Imaging conditions, acquisition parameters and data visualization

Widefield images were recorded using a 20–100 ms exposure time and a frame rate of 3.3–20 Hz. The 488 nm laser power used was 0.3–0.9 mW for neurons and 0.6–1.9 mW for HeLa cells. STED images were recorded using a pixel size of 25–30 nm, a dwell time of 30–50 μs, a 640 nm laser power of 5–16 μW and a 775 nm laser power of 59–124 mW. Exact image acquisition parameters for each experiment are listed in Supplementary Table 2. All laser powers were measured at the conjugate back focal plane of the objective lens, between the scan and the tube lens.

For visualization purposes, raw STED images have been smoothed with 0.5 pixel Gaussian smoothing. Frames from STED timelapses have been bleach corrected using histogram matching or direct-ratio methods. 3D STED images of endocytosis events have been deconvolved, as marked by the asterisks in the images, by applying a 50–60 nm (lateral) × 100 nm (axial) Lorentzian PSF and 10 iterations. Raw STED images of exocytosis have had a rolling ball background subtraction with a radius of 50 pixels applied. Frames from 23 Hz STED timelapses of synaptic vesicle dynamics have been deconvolved by applying a 70 nm Gaussian PSF and 5 iterations.

Deconvolution was performed using Richardson–Lucy deconvolution, with a regularization parameter of 1 × 10−10, in Imspector (Max-Planck Innovation). For data visualization and post-acquisition analysis, custom-written scripts and JupyterLab notebooks in Fiji (ImageJ) and Python have been used (see Code Availability), equipped with additional packages such as scikit-image52, jupyterlab53 and matplotlib54.

True event detection and detected real events quantification

The ratios of true-positive event detections (True) and detected real events (Det), compared with the number of events, have been quantified as measures of the accuracy and precision of the rapid_signal_spikes analysis pipeline. The quantification was performed through full widefield timelapse recordings, without running the etSTED method, with the same acquisition parameters as in a full etSTED experiment. The timelapses were manually annotated for calcium events and also analyzed with the analysis pipeline.

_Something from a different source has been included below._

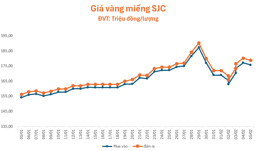 Phiên giao dịch sáng nay (05/02), giá vàng quay đầu giảm. Lúc 09 giờ 30 phút, giá vàng miếng SJC ở hầu hết các cửa hàng lớn như Phú Quý, Bảo Tín Minh Châu, Doji và PNJ đồng loạt giảm, niêm yết ở mức 175,8 – 178,8 triệu đồng/lượng (mua – bán), giảm 1,4 triệu đồng/lượng ở chiều mua và chiều bán so với giá khảo sát sáng qua, chênh lệch hai chiều tăng lên ngưỡng 3 triệu đồng/lượng.

The results of the two were compared to calculate the two ratios. This quantification was performed in multiple experiments and multiple cells given that it depends on the fluorescence background, the cellular structure, the labeling density, the acquisition parameters and the user-inputted pipeline parameters. Plotted is one data point for each cell in the various experiments analyzed.


All statistical tests are two-sample two-sided Kolmogorov–Smirnov tests, where the asterisk symbol (*) indicates P < 0.05 and NS indicates P > 0.05. Shaded confidence interval areas are chosen as the 83% level, meaning that non-overlapping areas infer a significant difference at that part of the curve.

Reporting summary

Further information on research design is available in the Nature Research Reporting Summary linked to this article.